Anomalies were simulated by omitting samples of rare classes from the dataset (appr. 3% of the data). The mean area under the receiver-operating characteristic (AUROC) was chosen as a metric for investigating the ranking quality and the system’s ability to discriminate between normal and anomalous samples. The combined approach using COF and entropy-based scores yielded the best overall performance across the two tested datasets with AUROCs of 80.36% and 83.14%. 

Given the imbalanced nature of error datasets and false positive rates of 37.58% and 35.77% at an 85% true positive rate, the proposed method still suffers from false alarms, but it identifies anomalies and novelties fairly robustly. By identifying anomalies, the system supports data quality awareness and can guide active learning workflows, prompting users to check whether unusual samples are mislabeled or belong to novel classes. This not only enhances user agency but also contributes to responsible knowledge management by reducing the likelihood that flawed or incomplete data becomes embedded in organizational knowledge bases.

Solution 2: Visual anomaly detection on image data

Complementary to the tabular approach, visual anomaly detection was implemented directly on steel band surface images to improve error localization using zero-shot and semi-supervised few-shot learning, eliminating the need for extensive error examples. AnomalyDINO [11], a patch-based deep nearest-neighbor approach using features from the pre-trained DINOv2 vision transformer, was adapted for the purpose. This method compares visual patches from test images against a memory bank of ‘good’ surface patches to identify deviations. For ASIS, reference patches contain only error-free steel band images. 

Internal evaluation on two steel band datasets demonstrated strong performance, achieving AUROC scores of 98.45% and 97.0-98.52%, with performance improving from 16 to 100 reference shots. Zero-shot analysis reached 99.13% AUROC through unsupervised anomaly detection and quantile optimization on a different proprietary dataset. However, the approach has difficulty detecting very small anomalies like oil stains or scratches, which may not sufficiently elevate anomaly scores, and can profit from further hyperparameter search.

Solution 3: Label error detection 

An algorithm was developed to improve dataset integrity and trust in model evaluations by identifying samples in the training and validation data that are likely to be labelled incorrectly.

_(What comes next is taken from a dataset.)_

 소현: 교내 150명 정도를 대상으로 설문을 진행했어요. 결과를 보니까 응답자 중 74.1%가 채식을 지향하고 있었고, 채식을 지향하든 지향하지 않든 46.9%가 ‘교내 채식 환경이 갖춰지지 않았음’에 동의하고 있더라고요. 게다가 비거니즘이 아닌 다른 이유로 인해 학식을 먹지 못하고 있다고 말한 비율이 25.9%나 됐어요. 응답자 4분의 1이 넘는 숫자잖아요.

The Area Under the Margin (AUM) [12] ranking method for gradient-boosted decision tree models was adapted for the purpose [6]. The method calculates a score for each sample by averaging the margin between the predicted probability of its assigned class and the next most likely class. This takes place across all boosting steps during a single training run. 

AUM proved computationally efficient, requiring only one training run. On the two industrial tabular datasets, AUM achieved AUROC values of 97.1% and 96.2% for detecting 5% injected synthetic asymmetric label noise [13], comparable to more computationally expensive out-of-sample prediction methods [6]. In two real-world validation sessions with industry practitioners, 42% of the samples with the lowest AUM scores were confirmed as label errors, while others pointed to further data quality issues, validating the method’s practical utility. 

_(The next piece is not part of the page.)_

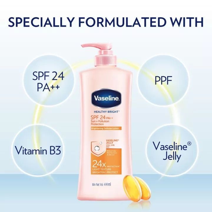 Vaseline Healthy Bright Hand Body Lotion Spf 24 Pa++ Sun Pollution Protection - Healthy White, Lotion Kulit Kusam 400Ml

Presenting low-AUM samples to quality engineers thus enables targeted data label review and correction. This improves user agency and augmentation by allowing engineers to curate data more efficiently and with reduced manual burden, which in turn supports responsible knowledge management by reducing the risk that organizational knowledge bases are corrupted by mislabeled data. It also helps foster consensus on error classification criteria.

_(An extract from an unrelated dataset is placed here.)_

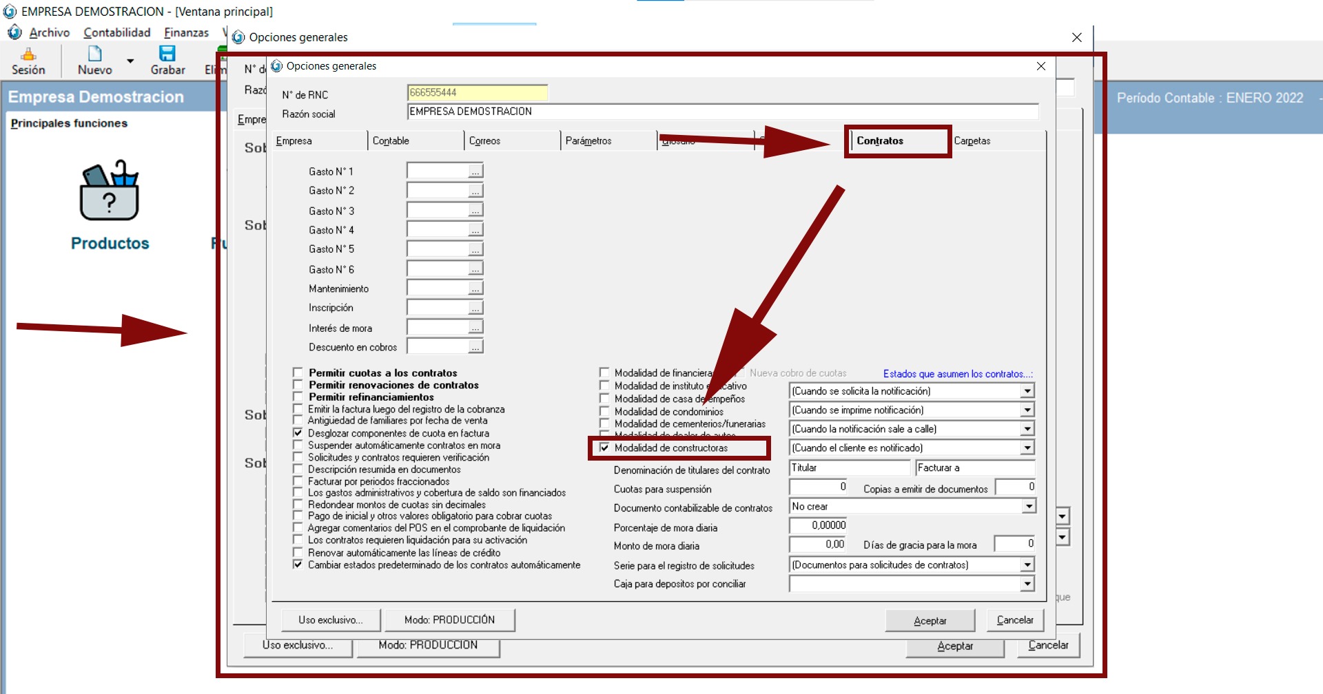 Para el correcto funcionamiento como constructora debemos activar los siguientes parámetros:

Figure 2: Integration of the solutions.
Figure 2: Integration of the solutions.

Integration outlook 

These solutions were integrated into existing ASIS software and workflows (Fig. 2). Anomaly and label error scores are displayed alongside error detections in tabular views used by quality engineers, allowing sorting and filtering to prioritize review tasks. Anomaly localization can be overlaid on steel band images or used for error localization. To make model reliability information accessible and minimize operator information overload, a simple “traffic light” indicator could be used, which would synthesize information from multiple sources (e.g. anomaly score distributions and model confidence levels) into a glanceable AI reliability assessment for real-time monitoring interfaces. This could be displayed in the operator’s real-time monitoring interface. 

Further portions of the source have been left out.